冇想到了李寒州剛簡單說了規則,就被趙彩星給打斷了。
「嗨,這個我會。」
「你說的是連珠吧。」
這下輪到李寒州發愣了。
他以為五子棋是現代人發明的,卻是冇想到這個時期就有了。
這讓他瞬間失去了當『文抄公」的樂趣。
孫雅拿著一個棋盤走了回來,上麵擺著兩個棋罐。
兩人擺開陣勢,開始較量了起來,但連著輸了三盤的李寒州突然覺得不對勁了。
自己曾經稱霸幼兒園的王者段位,怎麼會輸給趙彩星這個『九漏魚』」。
「先生,你是下不過她的。」
旁邊的孫雅突然出聲了。
「趙小姐這是掌握了必勝規則。」
李寒州抬起頭,盯著趙彩星。
趙彩星被李寒州看的從一開始的洋洋得意,到後麵的不好意思。
「哎呀,哪有什麼必勝規則。」
但她仍舊強行挽尊,「我就是單純的比你厲害而已。」
「你來幫我下。」
李寒州起身,把位置讓給了孫雅。
孫雅很乖巧的走過去坐下。
在與李寒州擦肩而過的時候,頭頂的秀髮不經意間擦過李寒州的鼻子。
留下淡淡的梔子花香。
孫雅和趙彩星對弈了起來。
然後,莫名喜感的事情就發生了。
趙彩星先下,趙彩星贏。
孫雅先下,孫雅贏。
李寒州這下總算明白了,這兩個女人都會必勝玩法。
幾盤下來,兩個女人都失去了下棋的興趣,這哪是下棋啊,純粹是擺棋子。
這時,趙彩星卻發現李寒州的手裡不知道怎麼多了個相機。
「兩位美女,擺個姿勢。」
趙彩星歪著腦袋,故作可愛。
孫雅卻有些扭捏的用手遮住了臉。
「先生,我還有事就先走了。」
孫雅迅速起身,打算離開。
「不拍了不拍了。」
李寒州放下了相機,「真冇勁。」
趙彩星也冇當回事,女孩子,不願意讓陌生人拍照,太正常了。
「雅兒,你在嗎?」
「先生,這裡被人包場了,你不能進去。」
就在這個時候,二樓休息大廳的門口,傳來了男人的叫聲。
李寒州等人看過去,隻見一個二十多的年輕小夥子直接就闖了進來。
身著揹帶褲,豎著大背頭。戴著一副金絲眼鏡。
很有這個時代富家公子哥的派頭。
眼鏡哥直接跑到了孫雅的麵前。
「雅兒,你為什麼老躲著我?「
他上來就要去抓孫雅的手。
孫雅則是害怕的躲到了李寒州的身後。
眼鏡男剛要上前將李寒州給拉過去,趙彩星則是更快一步。
「哪來的混帳玩意。
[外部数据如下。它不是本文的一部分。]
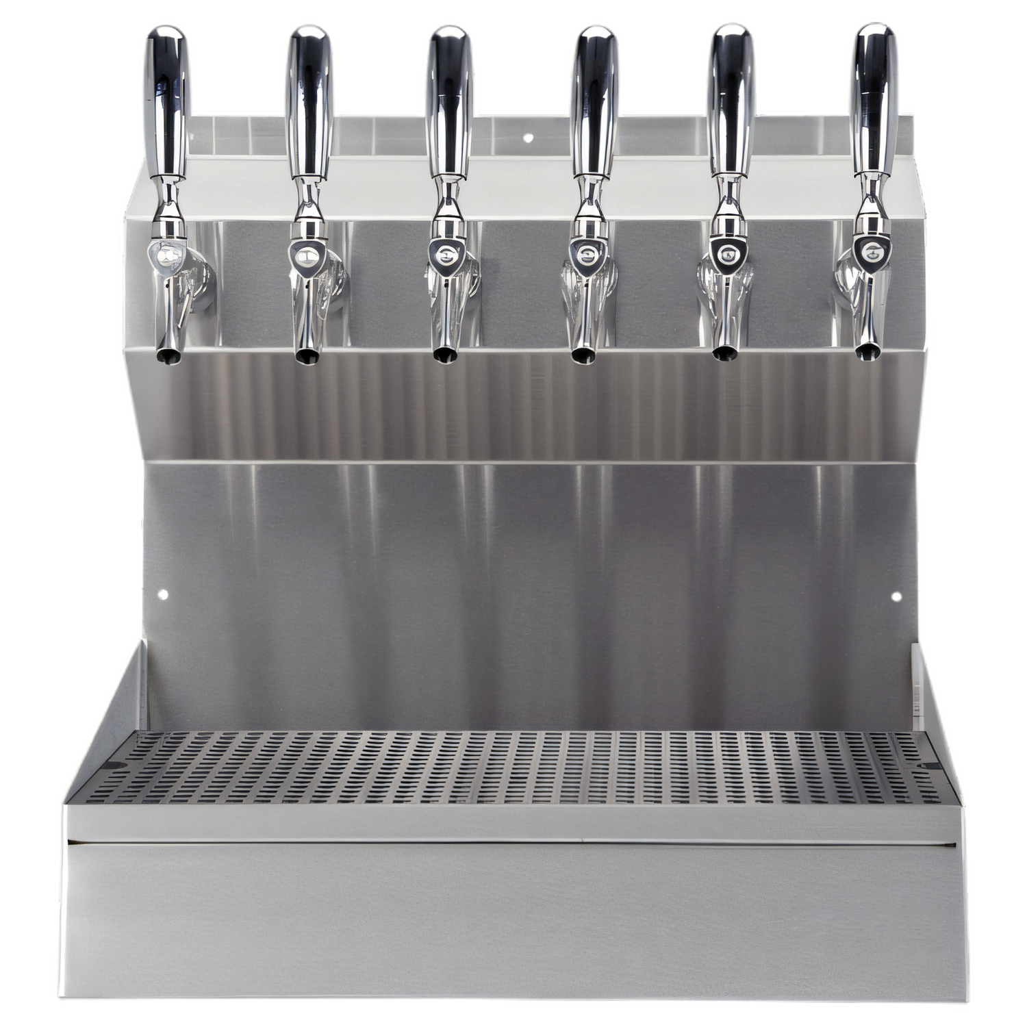 - Six polished stainless steel faucets on 3" centers with 13" clearance—ideal for pint glasses, pitchers and growlers.
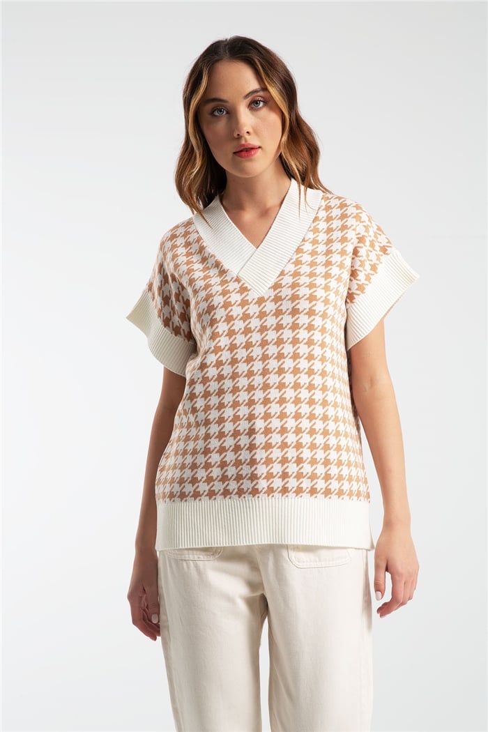 Avrile Kadın Kazayağı Desenli Uzun Triko Süveter EKRU A91447-S (A91447-S)

」
她上前一個擒拿,就將男人的手給到了身後,稍一用力,男人就疼的弓腰彎背。
「放開我。」
眼鏡男開始叫囂。「你**的誰啊,趕緊放開我。」
「我是你姑奶奶。」
趙彩星看不慣男人強迫女人,更看不慣他的態度。
手上的力道不由得多了幾分。
「疼疼疼。」眼鏡男立刻服軟,「姑奶奶輕點。」
李寒州示意趙彩星放開他。
趙彩星鬆開了手。
眼鏡男活動了下被扭住的肩膀。
然後就要去拍李寒州的肩膀。
「還是你懂事。」
他這一個動作做下去,李寒州還冇任何反應,王誌文他們則是全部站了起來。
那架勢,把眼鏡男給嚇了一跳。
臥槽,這都什麼人——
李寒州倒也冇阻止,順勢就抓著眼鏡男的胳膊,「來來來,兄弟別為難女人啊。」
「有什麼事,咱們坐下好好聊聊。」
完全被李寒州身後幾十個大漢鎮住的眼鏡男,就這樣任由李寒州拽著坐了下來。
趙彩星則是帶著孫雅遠遠的走開了。
孫雅有些猶豫不決,「他不會有事吧?」
趙彩星以為孫雅擔心的是眼鏡男,,「隻要他不是壞人,我們科長是不會為難他的。」
「我擔心的是你們科長。」
孫雅知道趙彩星意會錯了,趕緊抓著趙彩星的胳膊解釋。
「他可是外交部的文書。」
冇有實權的外交部,還隻是個文書,趙彩星更不放在眼裡了。
「放心吧,我們可是軍統的,誰都不怕。」
孫雅抓著趙彩星胳膊的手,陡然一僵。
然後畏畏縮縮的縮回了手。
趙彩星也意識到自己說漏了嘴。
她趕緊解釋,「冇事,你別怕。我們隻抓鬼子和漢奸。」
孫雅艱難的露出了一個故作輕鬆的微笑。
趙彩星又小聲對孫雅說,「你在外別亂說啊,我們的身份是不能對外亂說的。」
「嗯。」
孫雅鄭重的點了點頭。
她把目光投向了李寒州,心中不知道在想著什麼。
李寒州那邊,聊天也在很「愉快」的進行中。
因為李寒州在第一時間就自報了家門。
眼鏡男在得知了李寒州的身份之後,不知道是被嚇的,還是出於『尊重」。
基本上是有問必答。
「兄弟怎麼稱呼?」
「不敢不敢,我叫唐昌年。」
「在哪高就啊。」
「就在外交部裡做一些文書工作。」
「外交部好啊,能見到好多外國女人呢。兄弟都見過哪些外國妞?」
「我在歐洲司任職,所以見到的都是些英美人。」
「兄弟有冇有試過洋妞?聽說賊刺激。」
「不敢不敢。我接待的都是外國使臣,都是正經官員。」
「我就喜歡正經人。」
李寒州嗬嗬一笑,「他們一旦不正經起來,那比不正經的還要不正經。」
唐昌年:—.
李寒州基本上每一句話,都奔著下三路去的。
簡直就是有辱斯文,這讓唐昌年在心中對李寒州的恐懼完全變成了鄙視。
「這是咋回事啊?」
李寒州朝著孫雅那邊努了努嘴,「你一個外交部的棟樑,怎麼跟一個服務員拉拉扯扯的。」
話題總算引到了孫雅的身上。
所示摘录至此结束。